Transgender and non-binary people in New Zealand face discrimination in several aspects of their lives. The law is unclear on the legal status of discrimination based on gender identity, and also for intersex people.

The International Commission of Jurists and the International Service for Human Rights in 2007 created the Yogyakarta Principles to apply international human rights law to gender identity and sexual orientation. The first and arguably most important is that human rights are available to all humans, regardless of gender identity, and that states should amend legislation "to ensure its consistency with the universal enjoyment of all human rights." This report suggested that transgender people were "one of the most marginalised groups" in New Zealand, leading the Human Rights Commission to publish a comprehensive inquiry entitled To Be Who I Am in 2008, which outlined some of the concerns listed below.  Transgender rights organisations carry out over 1,300 individual peer supports each year, with many of these addressing breaches of universal human rights.
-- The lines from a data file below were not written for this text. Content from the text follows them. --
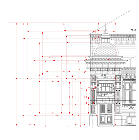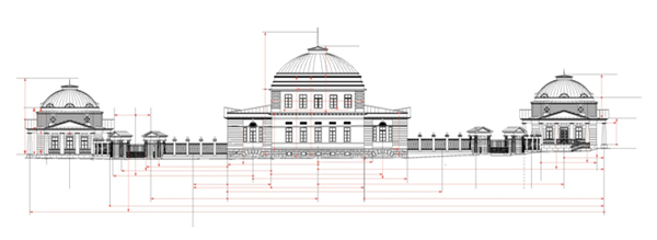 ординации 6:5 в формах плана восточного павильона. Автор А.В. Долгов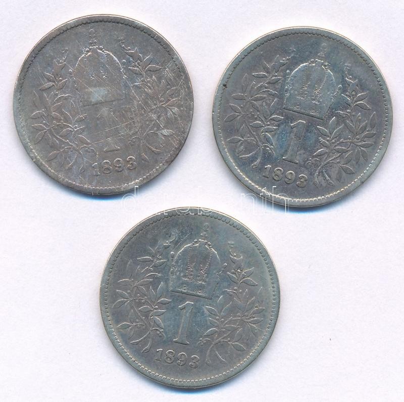 Beschreibung: Ausztria 1893. 1K Ag "Ferenc József" (3x) T:3 patina, karc, ü.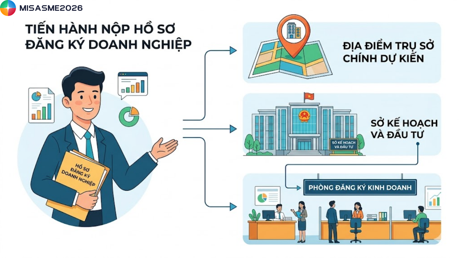 - Chuẩn bị đầy đủ hồ sơ và thực hiện đúng trình tự đăng ký doanh nghiệp tại cơ quan có thẩm quyền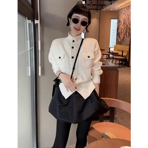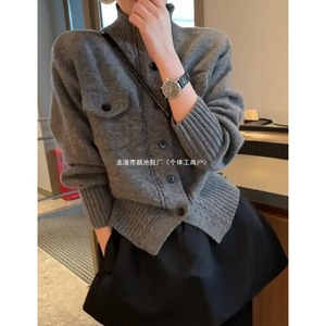 欧货设计感加厚针织毛衣外套女2025秋冬款修身显瘦针织衫短款开衫

These concerns are particularly important considering that the discrimination and exclusion has been shown to increase the risk of mental health issues and suicide.

Currently, the Human Rights Act 1993 does not explicitly prohibit discrimination on the basis of gender. Whilst it is believed that gender identity is protected under the laws preventing discrimination on the basis of either sex or sexual orientation, it is not known how this applies to those who have not had, or will not have, gender reassignment surgery.  Some overseas courts have determined that transgender people are covered by prohibitions on discrimination based on sex, but there is also international case law suggesting it is not.  Even if it is, it is unlikely to apply to transgender people who have not or will not have gender reassignment surgery. Likewise, placing gender identity under the prohibitions on the grounds of sexual orientation is problematic. While there is some inconsistent international case law, it has been noted that gender identification and sexual orientation are too unrelated for this to be suitable.
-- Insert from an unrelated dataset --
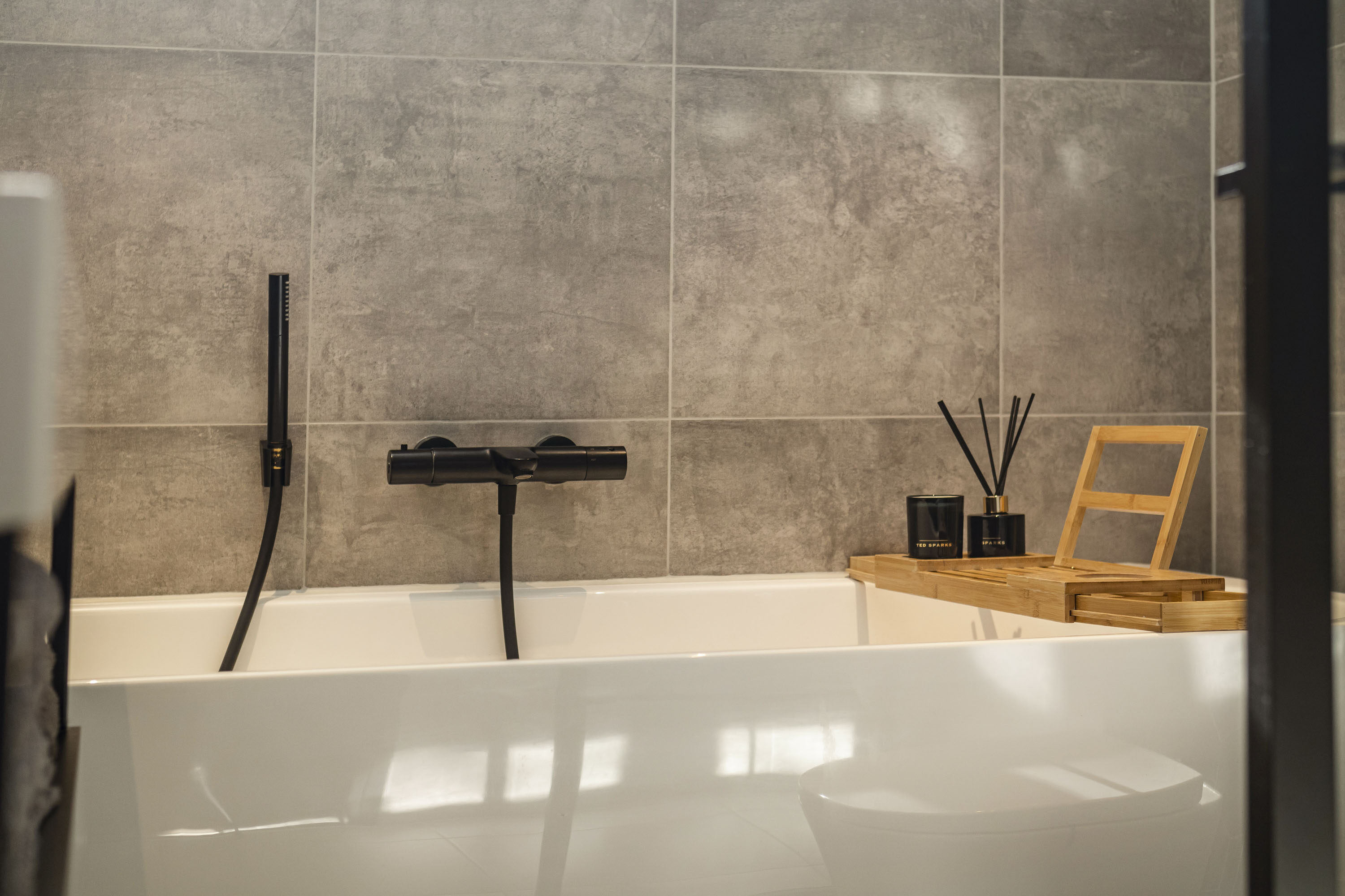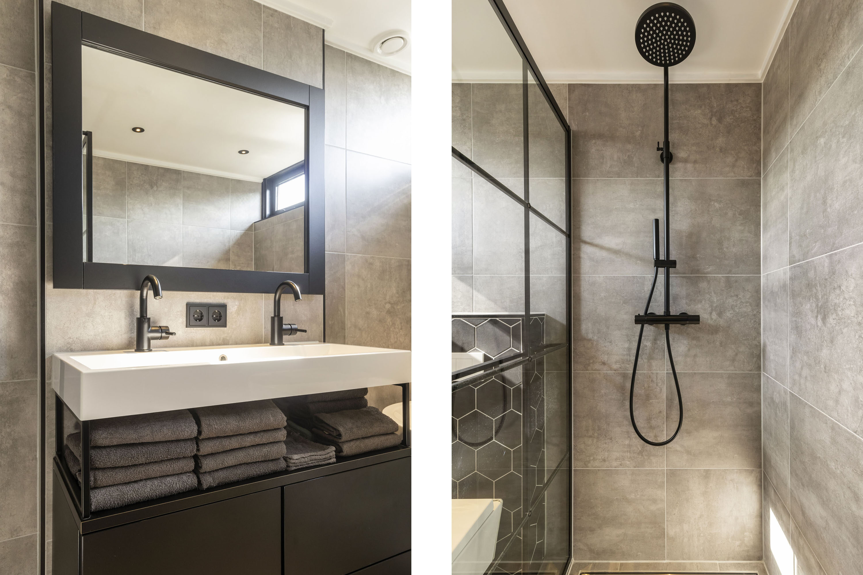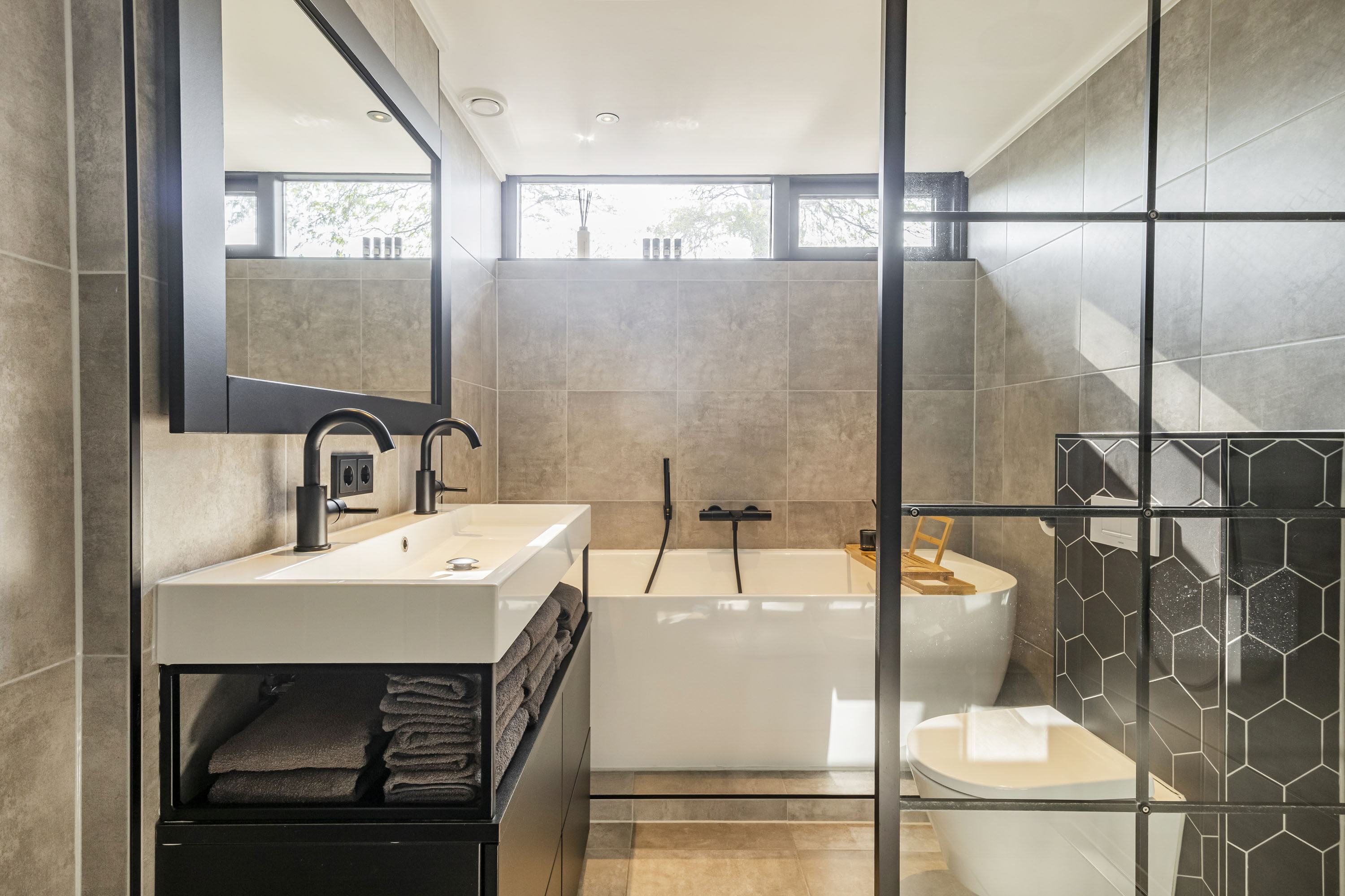 Op de eerste verdieping leidt de ruime overloop naar alle vertrekken. Hier bevinden zich drie slaapkamers met een oppervlakte van respectievelijk 11,6 m², 9,7 m² en 8,8 m². Alle kamers beschikken over grote ramen die veel lichtinval genereren, en één van de slaapkamers is voorzien van een praktische inbouwkast. De badkamer is modern ingericht en uitgerust met een ruim wastafelmeubel, een inloopdouche, een bad, een toilet en vloerverwarming. De antracietgrijze tegels zorgen voor een elegante uitstraling.

Gender reassignment surgery is available in New Zealand, though there are cost barriers to accessing such surgery. New Zealanders are legally permitted to apply to change the designation of their gender on government documents through the Family Court if they have had medical treatment. The legalisation of same-sex marriage in 2013 had the effect of removing the requirement to divorce if one was already married.

Demographics 
According to Statistics New Zealand using data from the 2021 Household Economic Survey, there are approximately 19,400 transgender and non-binary adults (18 and over) in New Zealand. Approximately 5,500 of these identify as male, 5,400 as female, and 8,500 as another gender. The Auckland region had the largest transgender and non-binary population at 6,900, followed by the Wellington region (3,300), Canterbury (2,900), and Waikato (1,200).

New Zealand's transgender and non-binary population is younger compared to the cisgender population. Just under half (47.2%) of the transgender and non-binary population is aged under 35, compared to 30.8% of the cisgender population. In terms of ethnicity, 72.7% of the transgender and non-binary population are European (compared to 69.3%), 14.6% are Māori (14.0%), 6.7% are Pacific peoples (6.7%) and 16.9% are Asian (16.2%) (totals add to more than 100% since people may identify with multiple ethnicities).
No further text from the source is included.